Flora David B, Labrish Cathy, Chalmers R Philip
Department of Psychology, York University Toronto, ON, Canada.
Front Psychol. 2012 Mar 1;3:55. doi: 10.3389/fpsyg.2012.00055. eCollection 2012.
We provide a basic review of the data screening and assumption testing issues relevant to exploratory and confirmatory factor analysis along with practical advice for conducting analyses that are sensitive to these concerns. Historically, factor analysis was developed for explaining the relationships among many continuous test scores, which led to the expression of the common factor model as a multivariate linear regression model with observed, continuous variables serving as dependent variables, and unobserved factors as the independent, explanatory variables. Thus, we begin our paper with a review of the assumptions for the common factor model and data screening issues as they pertain to the factor analysis of continuous observed variables. In particular, we describe how principles from regression diagnostics also apply to factor analysis. Next, because modern applications of factor analysis frequently involve the analysis of the individual items from a single test or questionnaire, an important focus of this paper is the factor analysis of items. Although the traditional linear factor model is well-suited to the analysis of continuously distributed variables, commonly used item types, including Likert-type items, almost always produce dichotomous or ordered categorical variables. We describe how relationships among such items are often not well described by product-moment correlations, which has clear ramifications for the traditional linear factor analysis. An alternative, non-linear factor analysis using polychoric correlations has become more readily available to applied researchers and thus more popular. Consequently, we also review the assumptions and data-screening issues involved in this method.

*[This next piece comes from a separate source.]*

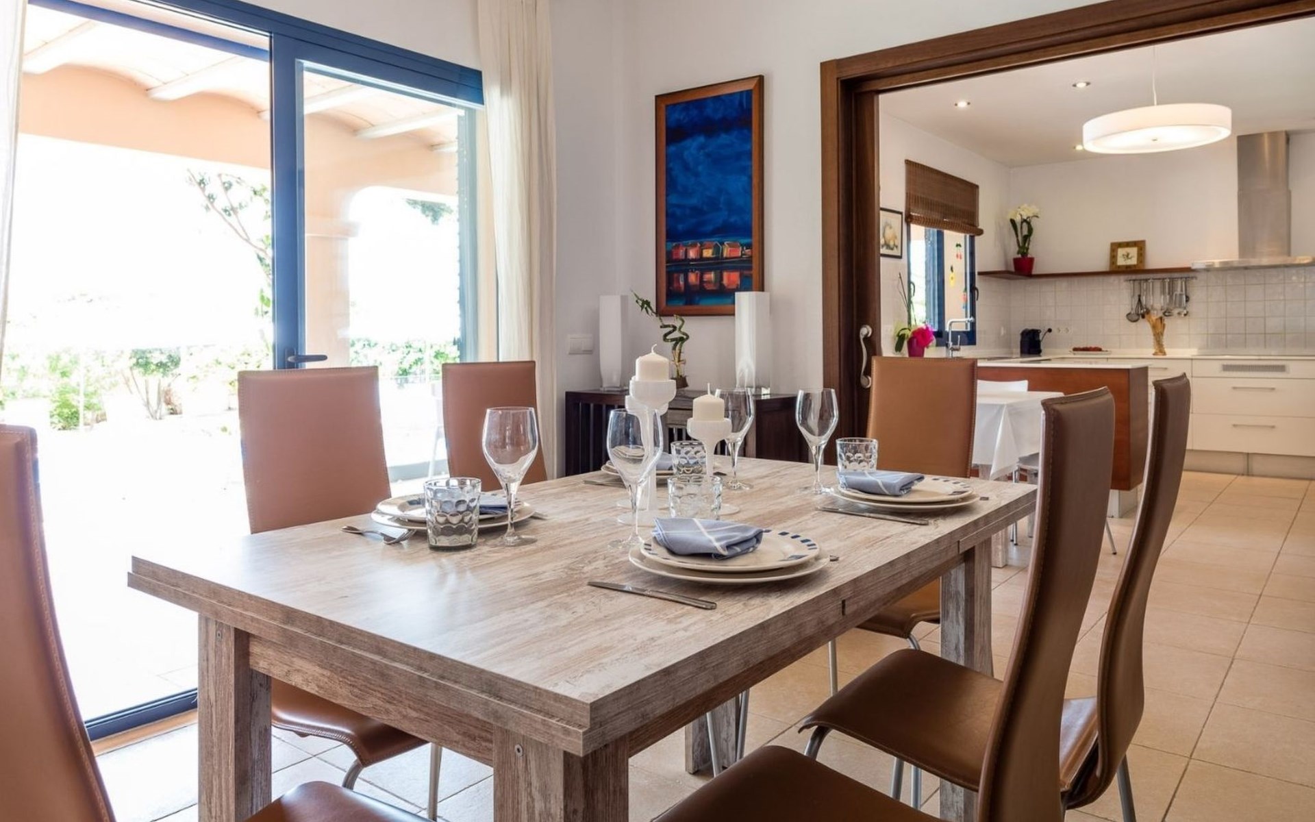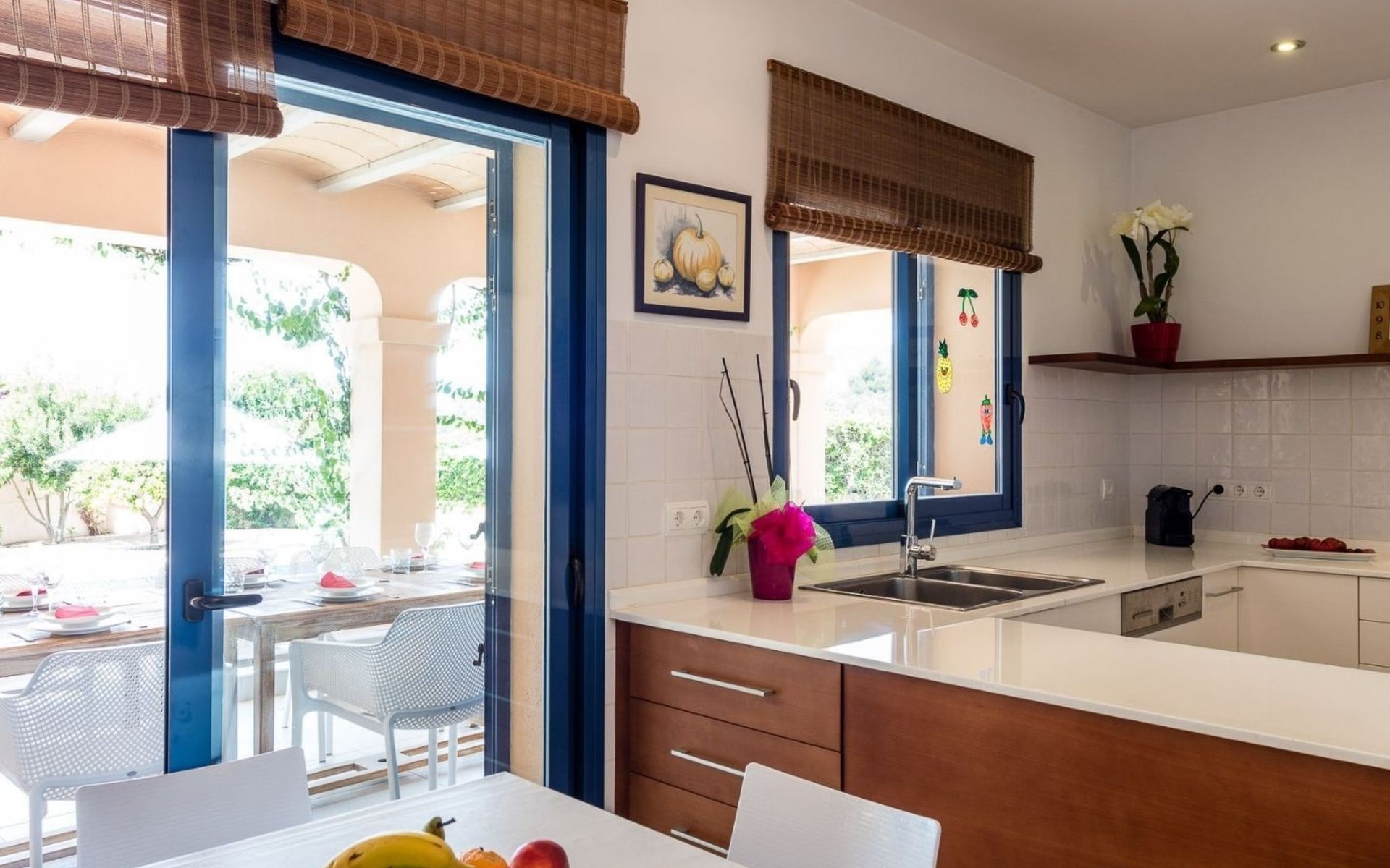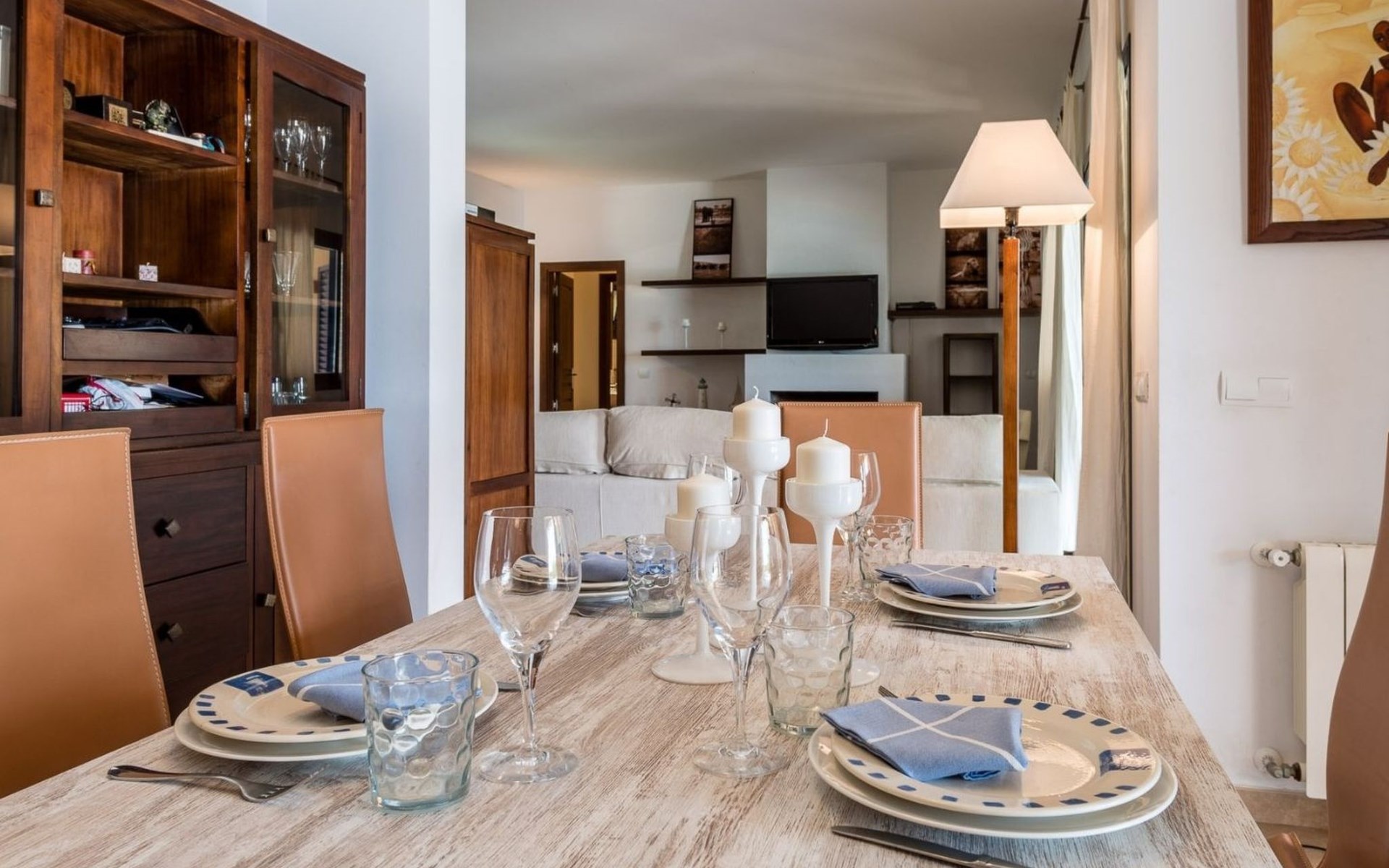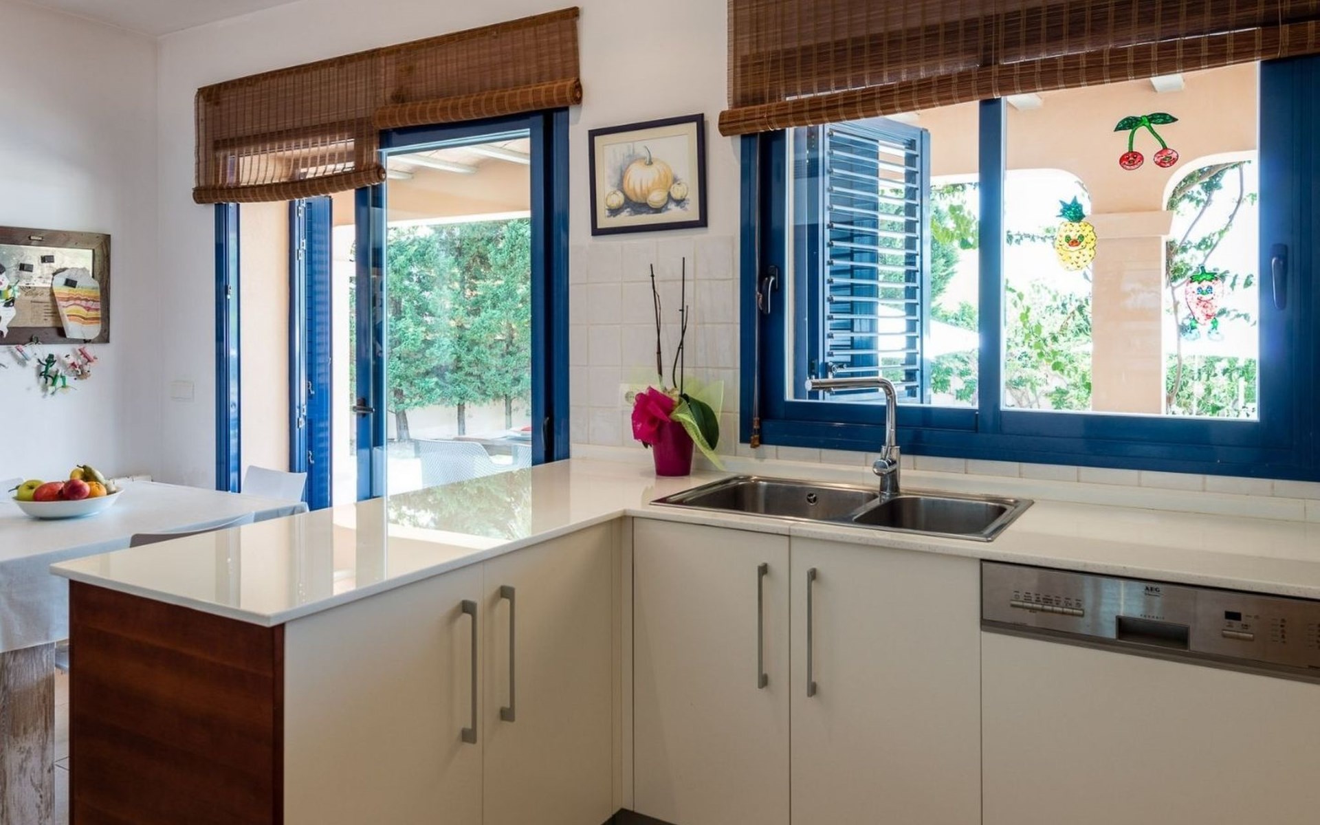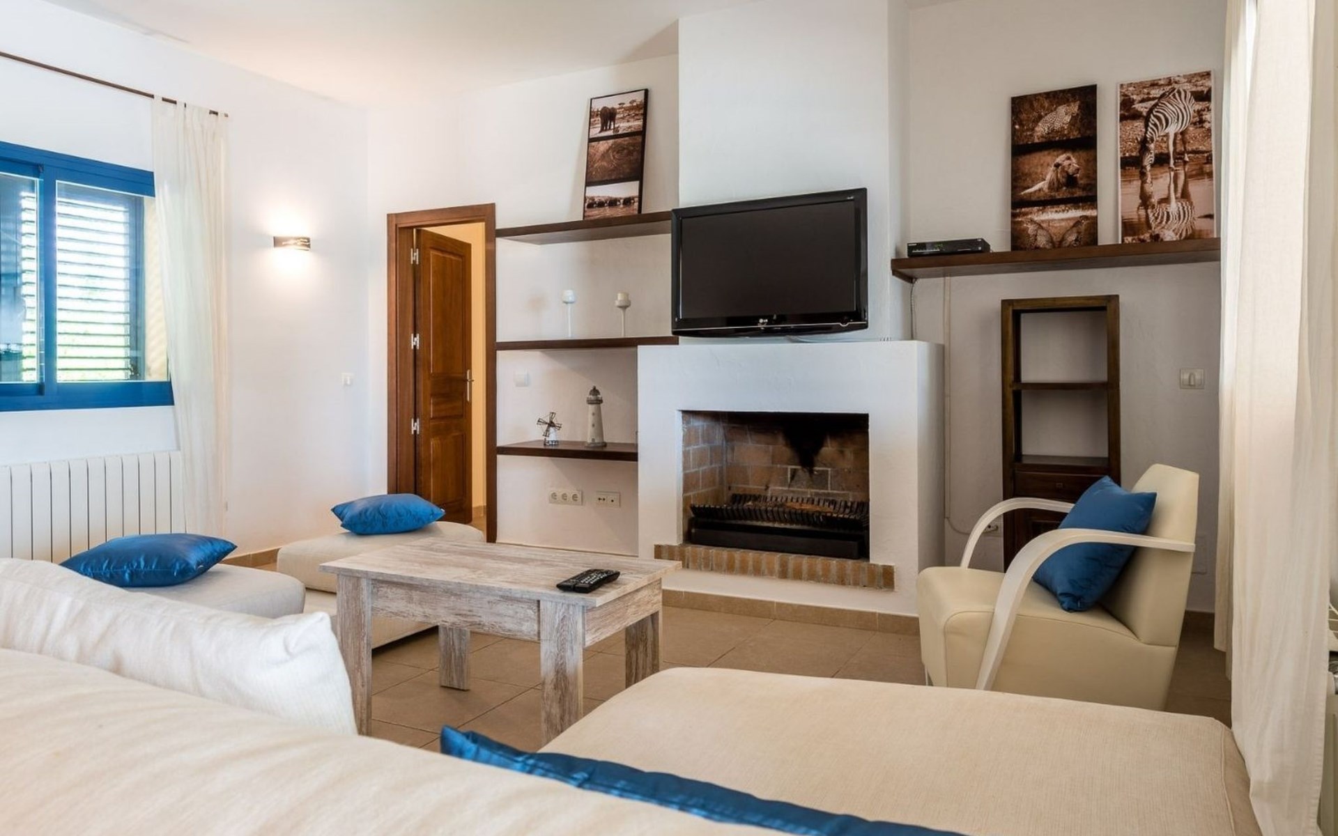 Das Innere der Villa ist gemütlich und raffiniert eingerichtet, so dass Sie sich sofort wie zu Hause fühlen werden. Das Wohnzimmer ist geräumig und komfortabel, mit weißen Sofas, die einen schönen Kontrast zu den großen blauen Fenstern bilden, die typisch für die Gegend sind, und einem Tisch aus Naturholz, der dem Ambiente einen Hauch von Klasse verleiht. Die fünf Schlafzimmer können bis zu 10 Personen beherbergen und sind individuell und geschmackvoll eingerichtet, inspiriert von den besten Einrichtungspublikationen. Drei Badezimmer, die mit allem Komfort ausgestattet sind, präsentieren einen rustikalen Stil, der sich harmonisch in die klassische Architektur der Villa einfügt.

Throughout the paper, we demonstrate these procedures using an historic data set of nine cognitive ability variables.
我们对与探索性和验证性因素分析相关的数据筛选和假设检验问题进行了基本回顾,并提供了一些实用建议,以指导如何进行对这些问题敏感的分析。从历史上看,因素分析是为了解释许多连续测试分数之间的关系而发展起来的,这导致了共同因素模型被表达为一个多元线性回归模型,其中观察到的连续变量作为因变量,未观察到的因素作为独立的解释变量。因此,我们在本文开头回顾了共同因素模型的假设以及与连续观察变量的因素分析相关的数据筛选问题。特别是,我们描述了回归诊断的原理如何也适用于因素分析。接下来,由于因素分析的现代应用经常涉及对来自单一测试或问卷的各个项目进行分析,本文的一个重要重点是项目的因素分析。尽管传统的线性因素模型非常适合于分析连续分布的变量,但常用的项目类型,包括李克特式项目,几乎总是产生二分或有序分类变量。我们描述了此类项目之间的关系通常如何不能很好地用积差相关来描述,这对传统的线性因素分析有明显的影响。一种使用多相关系数的替代非线性因素分析方法已更容易为应用研究人员所使用,因此也更受欢迎。因此,我们还回顾了该方法所涉及的假设和数据筛选问题。在整篇论文中,我们使用一个包含九个认知能力变量的历史数据集来演示这些程序。